WHAT YOU NEED TO DO: With images excluded, write out each entry below exactly as given.

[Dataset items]
+-------+
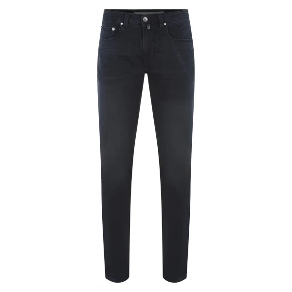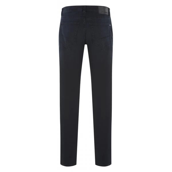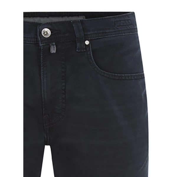– Jean bleu nuit avec le nom de la marque inscrit en relief sur patch noir effet cuir sur la ceinture
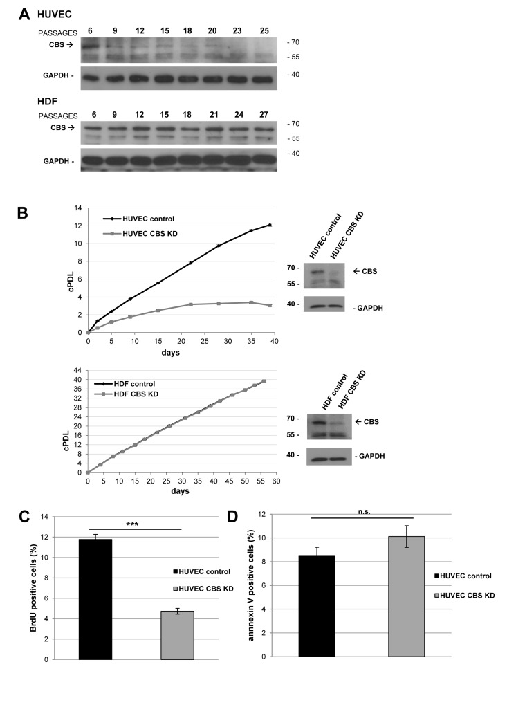 In the present communication, we observed that expression of cystathionine beta synthase (CBS) declined with serial passaging in human endothelial cells but not in other cell types. We also demonstrated that gene silencing of CBS by shRNA induced premature senescence, whereas senescence could be postponed by CBS overexpression in normal human endothelial cells. We also addressed potential mechanisms by which CBS affects the senescence phenotype. On the one hand, CBS knockdown induced mild respiratory uncoupling and reduced mitochondrial membrane potential. On the other hand, CBS knockdown increased the vulnerability of human endothelial cells to homocysteine, a well-known inducer of cellular senescence, which was described by others as risk factor predisposing to endothelial dysfunction and disease [11-13].
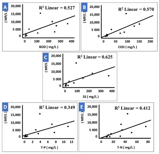Correlation of microplastic concentrations with five wastewater quality parameters. 3.4. Microplastic pollutant load. (A) Microplastic concentration relationship with biological organic demand (BOD); (B) Microplastic concentration relationship with chemical oxygen demand (COD); (C) Microplastic concentration relationship with suspended solids (SS); (D) Microplastic concentration relationship with total phosphorus (T-P); (E) Microplastic concentration relationship with total nitrogen (T-N).
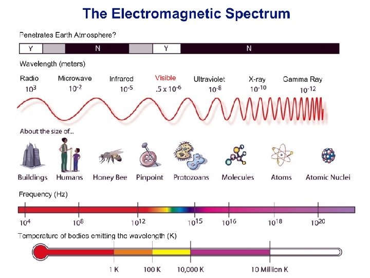 E) Visible Light -Each wavelength corresponds to a specific frequency ** Color determined by frequency 1) People use visible light to see, help keep them safe, and to communicate with one another.
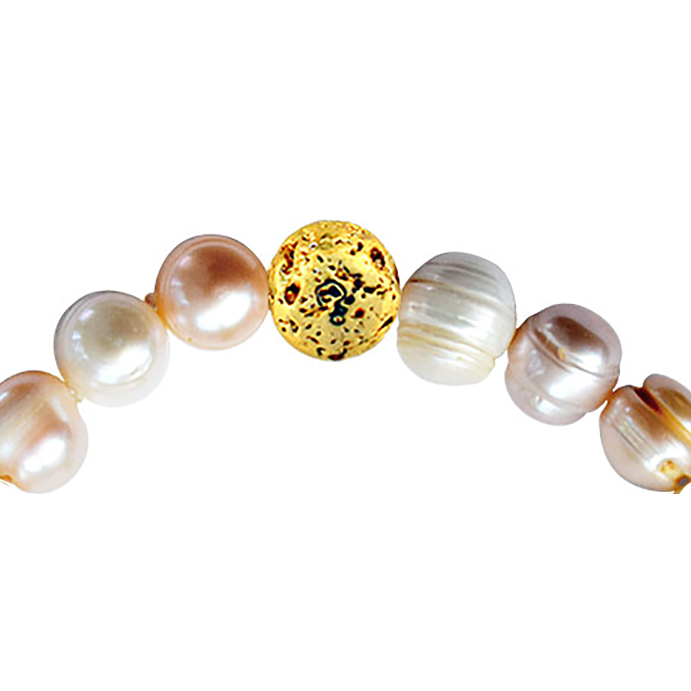 Βραχιόλι με μαργαριτάρια 9-10mm και Lava - M123473
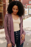 This plum suede cardigan combines elegance with so much fun! The golden and black shimmering snake skin print is just so cool. It even includes functioning side pockets.
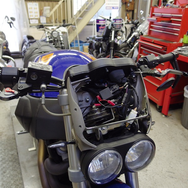 このB-Kingもヘッドライトにメーターが取り付けられている為、ヘッドライトを外す=メーターも外れる ようになっており、メーターだけ残せませんので、ブラケットの作製が必要です。
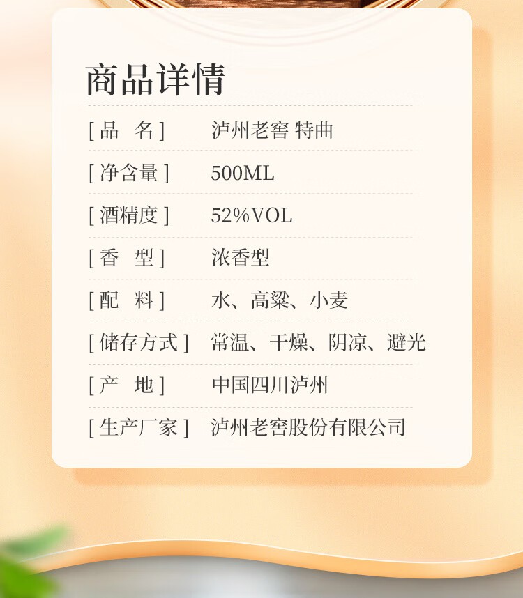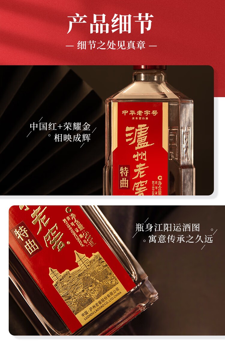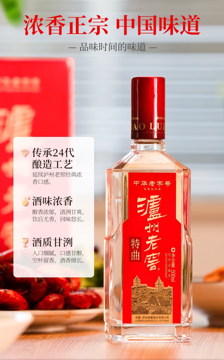• 泸州老窖特曲 52度500ml 浓香型白酒 老字号 单瓶装(新老包装年份随机)
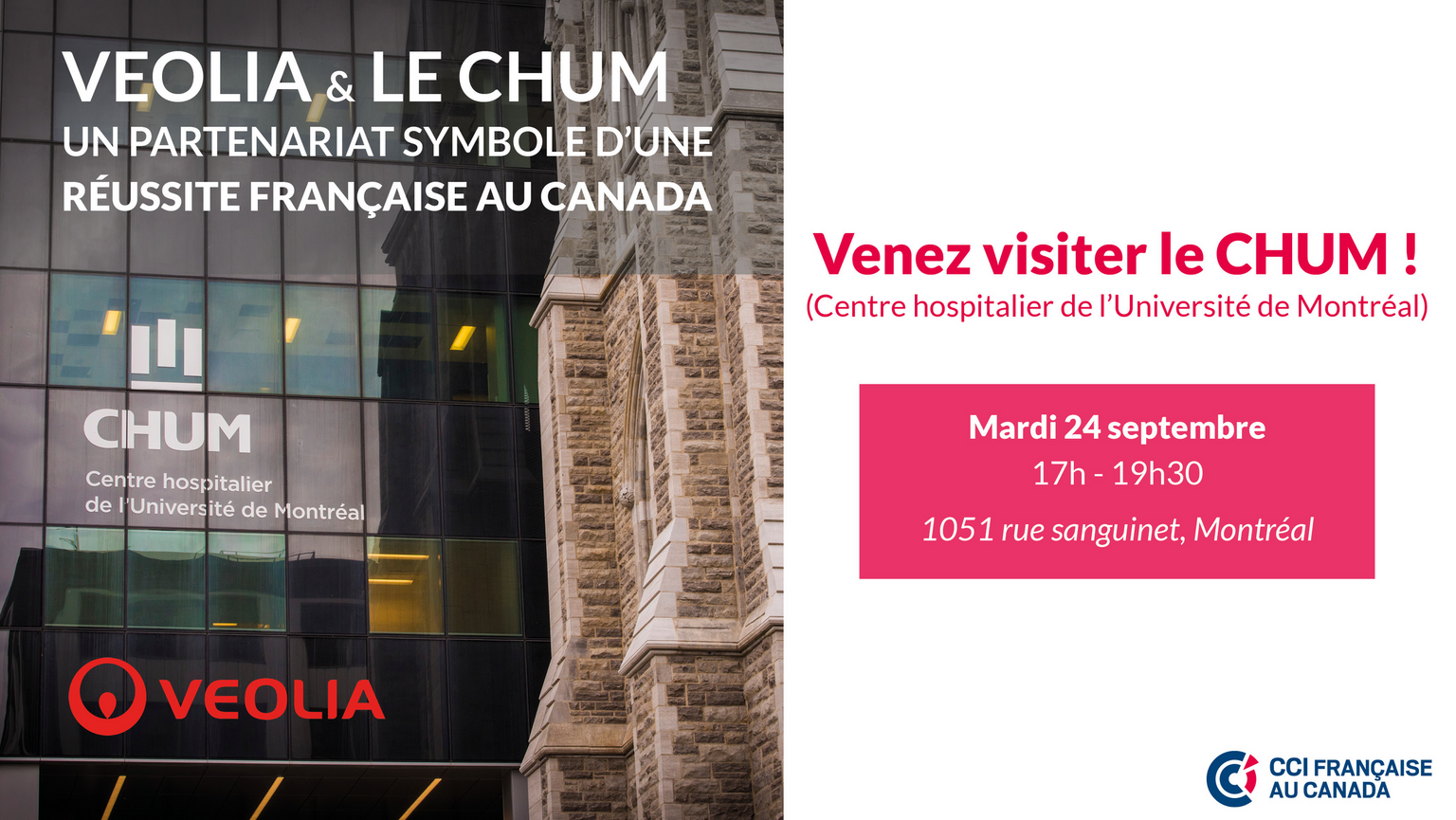 | 17:15 - 19:00 | Présentation du CHUM et de son contrat avec Veolia puis début de la visite par groupe |
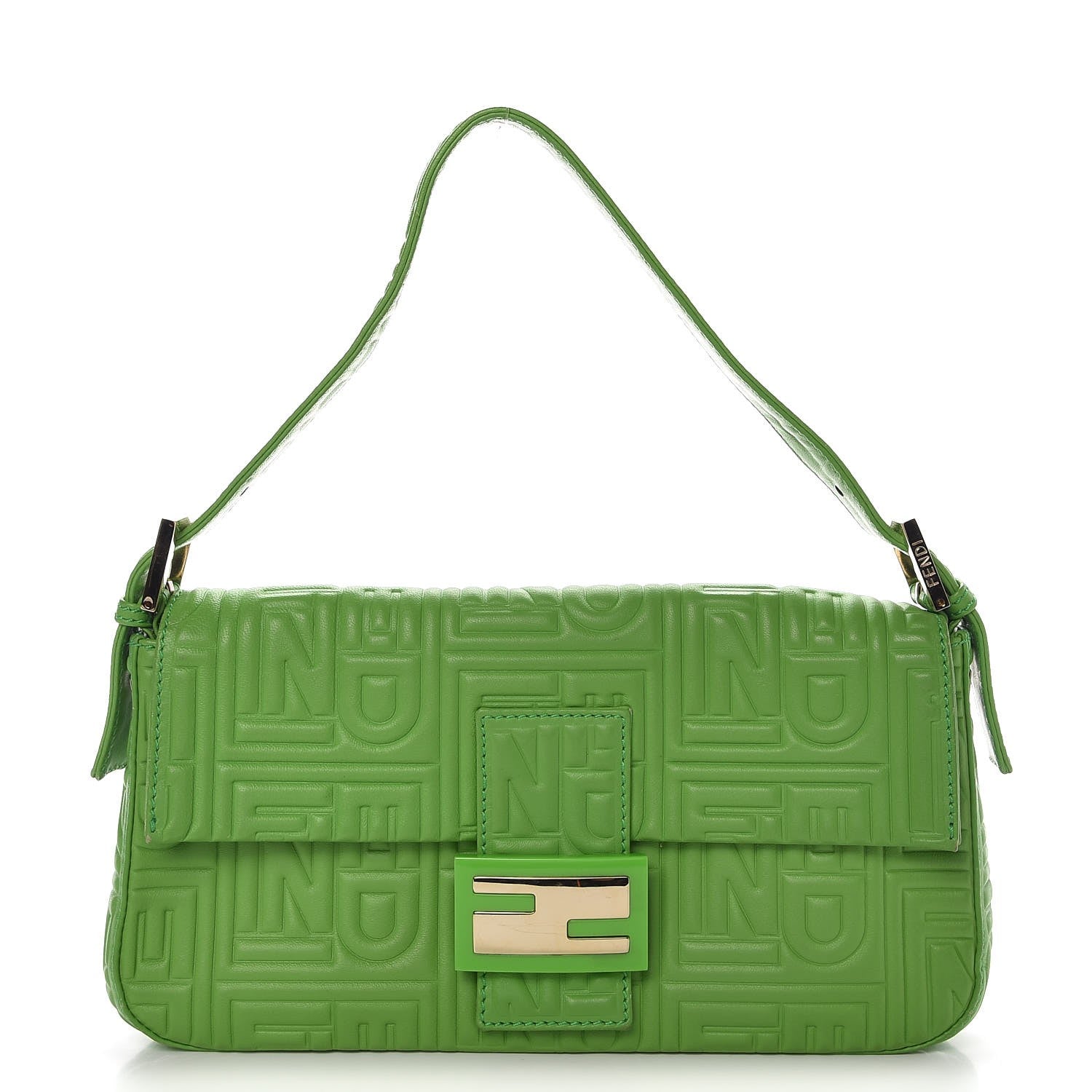 Fendi/ Bags/ Shoulder Bags /Fendi Nappa Logo Embossed Baguette Green
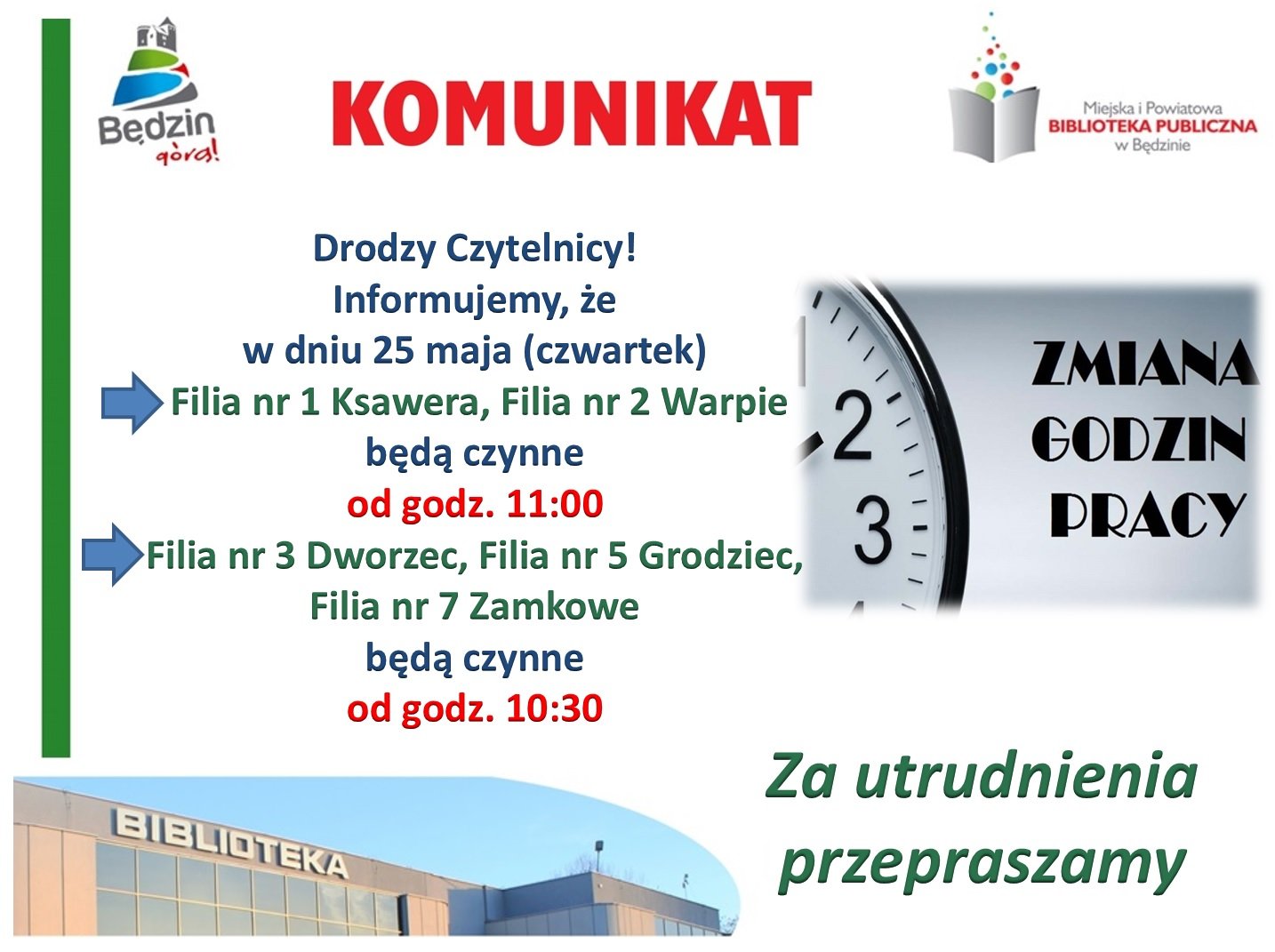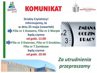 Komunikat dot. zmian godzin otwarcia filii bibliotecznych w dniu 25 maja br.
+-------+
RESULT OF THIS EXERCISE:
– Jean bleu nuit avec le nom de la marque inscrit en relief sur patch noir effet cuir sur la ceinture
 In the present communication, we observed that expression of cystathionine beta synthase (CBS) declined with serial passaging in human endothelial cells but not in other cell types. We also demonstrated that gene silencing of CBS by shRNA induced premature senescence, whereas senescence could be postponed by CBS overexpression in normal human endothelial cells. We also addressed potential mechanisms by which CBS affects the senescence phenotype. On the one hand, CBS knockdown induced mild respiratory uncoupling and reduced mitochondrial membrane potential. On the other hand, CBS knockdown increased the vulnerability of human endothelial cells to homocysteine, a well-known inducer of cellular senescence, which was described by others as risk factor predisposing to endothelial dysfunction and disease [11-13].
Correlation of microplastic concentrations with five wastewater quality parameters. 3.4. Microplastic pollutant load. (A) Microplastic concentration relationship with biological organic demand (BOD); (B) Microplastic concentration relationship with chemical oxygen demand (COD); (C) Microplastic concentration relationship with suspended solids (SS); (D) Microplastic concentration relationship with total phosphorus (T-P); (E) Microplastic concentration relationship with total nitrogen (T-N).
 E) Visible Light -Each wavelength corresponds to a specific frequency ** Color determined by frequency 1) People use visible light to see, help keep them safe, and to communicate with one another.
 Βραχιόλι με μαργαριτάρια 9-10mm και Lava - M123473
 This plum suede cardigan combines elegance with so much fun! The golden and black shimmering snake skin print is just so cool. It even includes functioning side pockets.
 このB-Kingもヘッドライトにメーターが取り付けられている為、ヘッドライトを外す=メーターも外れる ようになっており、メーターだけ残せませんので、ブラケットの作製が必要です。
• 泸州老窖特曲 52度500ml 浓香型白酒 老字号 单瓶装(新老包装年份随机)
 | 17:15 - 19:00 | Présentation du CHUM et de son contrat avec Veolia puis début de la visite par groupe |
 Fendi/ Bags/ Shoulder Bags /Fendi Nappa Logo Embossed Baguette Green
 Komunikat dot. zmian godzin otwarcia filii bibliotecznych w dniu 25 maja br.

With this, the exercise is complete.